Thank you for your help in advance!

Edit: This code works, I just don't understand why I cant use stringcat on bottom.

Edit2: Noticed some * got missing while copy pasting, so I added them!

char stringcat(const char str1, const char* str2){
  char *ptr1 = str1;
  char *ptr2 = str2;
  int count = 0;

  while(*ptr1 != '\0'){
    count++;
    ptr1++;
  }

  while(*ptr2 != '\0'){
    count++;
    ptr2++;
  }

  char *stringcat = malloc((count+1)*sizeof(char));
  char *stringptr = stringcat;

  printf("%d %d", &stringcat, &stringptr);

  ptr1 = str1;
  ptr2 = str2;

  while(*ptr1 != '\0' && (stringptr++ = ptr1++));
  printf("%c", stringcat[0]);
  while(*stringptr++ = *ptr2++);

  return stringcat;
}

I think this is wrong `stringptr++ = ptr1++` - Better just to do one thing at a time - makes reading the code easier and less prone to bugs — Ed Heal, Jul 22 '17 at 14:35
`char *ptr1 = str1;` is a type error, and so is `char *ptr2 = str2;`. — melpomene, Jul 22 '17 at 14:35
@EdHeal: `while ((*p++ = *q++));` is a pretty standard way of writing out `strcpy(q, p)`, it looks like idiomatic C to me. — Dietrich Epp, Jul 22 '17 at 14:39
Why are these type errors? It works absolutly fine. So does the null get added automaticly, when I use stringptr, but not when I use stringcat? The code written above works, I just can't use stringcat in the while loops. Thanks for the answers! :) — F. Zi, Jul 22 '17 at 14:40
`(stringptr++ = ptr1++)` -> `(*stringptr++ = *ptr1++)` perhaps — Ed Heal, Jul 22 '17 at 14:42
"*It works absolutly fine.*" - No, it doesn't, and you seem to be completely ignoring all compiler diagnostics. How are you compiling this? — melpomene, Jul 22 '17 at 14:42
@F.Zi - Please do not edit the post in such as the answers below stop making sense. — Ed Heal, Jul 22 '17 at 14:59
C does not support _methods_ . And concat**enating** pointers does not make sense. A pointer is not an array and vice-versa and neither are the same as a string. — too honest for this site, Jul 22 '17 at 15:06

score 0 · Answer 1 · answered Jul 22 '17 at 14:44

You are making a number of errors. Some will be reported by the compiler but you have to turn warnings on.
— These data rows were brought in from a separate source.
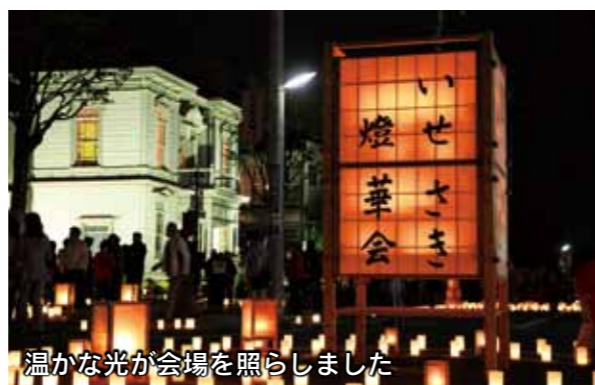
温かな光が会場を照らしました

10月19日・20日、いせさき明治館や赤石楽舎周辺で「いせさき燈華会」が開催されました。灯籠の点灯時刻になると、訪れた人とボランティアスタッフが一緒に約3,000本の灯籠に明かりをともしました。いせさき明治館と旧時報鐘楼もライトアップされ、訪れた人は普段と違った顔を見せる街並みを楽しみました。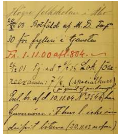
”Anmärkningar” i en Järnvägsatrikel

I gruppen finns sådana som släktforskat tidigare såväl som sådana som just har börjat. Ibland har någon av deltagarna presenterat delar av sin forskning, eller en hel forskning och emellanåt bidrar någon med ett knepigt problem eller en otrolig lösning på ett svårt och segt problem. Många spännande och varierande livsöden har berörts under åren.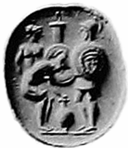
Fig. 7 Gemma italica, tre armati traenti a sorte – variante 5. Parigi. Da BABELON 1899, pp. 42-43, nr. 108; tav. VII. Gallica, Bibliothèque Numérique, < http://gallica.bnf.fr/ark:/12148/bpt6k5774690b >.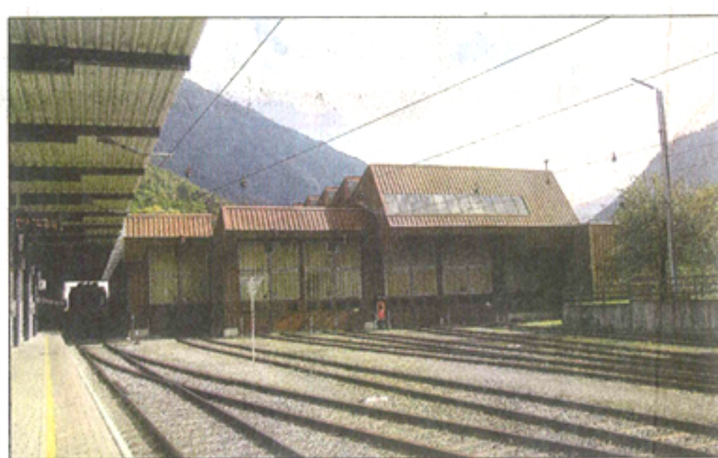
Im Zukunftskonzept macht auch die Remise den Platz frei, das ergibt fürs Schrunser Zentrum neue Bau-Perspektiven.

„Wenn man die Diskussion über Mobilität im Montafon seriös angehen will, gilt es auch, genaue Überlegungen über einen Ausbau der Bahninfrastruktur bis zur Valiseraabahn-Talstation in St. Gallenkirch anzustellen“, bekräftigt MBS-Direktor Bertram Luger. Vorleistungen dazu strebt die Montafonerbahn vorab schon einmal durch ein Projektkonzept zur vorherrschenden

How will stringcat be called and what is it to return? This is the essential (first) question in developing a function.One method is that it gets two strings to concatenate and returns a new string, with the second concatenated to the first. Another method is that it returns the first string with the second concatenated to it.

For the first method, it must allocate new storage that can hold both strings, so that would be newstring= malloc(strlen(str1)+strlen(str2)+1); Don't forget to add 1 for the terminating null of strings.

For the second method, it is essentially the same, except that str1 must itself have been allocated with malloc because your function will call free or realloc to re-allocate the storage needed for the (longer) string.

In both cases, the function will look like char *stringcat(char *str1, char *str2). I think with this input you can write the remainder of the function yourself.

It actually should have been *stringcat(char *str1, char *str2), some of the * just got lost while copy-pasting the code, sorry for that. As for the malloc part, shouldnt be my implementation reserve the same amount of memory or did I got something very wrong? Thank you for answer! :) I still dont understand why the two pointers point to different addresses in memory, you have a clue? — F. Zi, Jul 22 '17 at 14:51
How did the `const` get included when doing the cut'n'paste? — Ed Heal, Jul 22 '17 at 14:54

score 0 · Answer 2 · answered Jul 22 '17 at 14:53

You are creating a char pointer point to a char. The problem is, you don't assign the char variable to pointer, but the address of the char.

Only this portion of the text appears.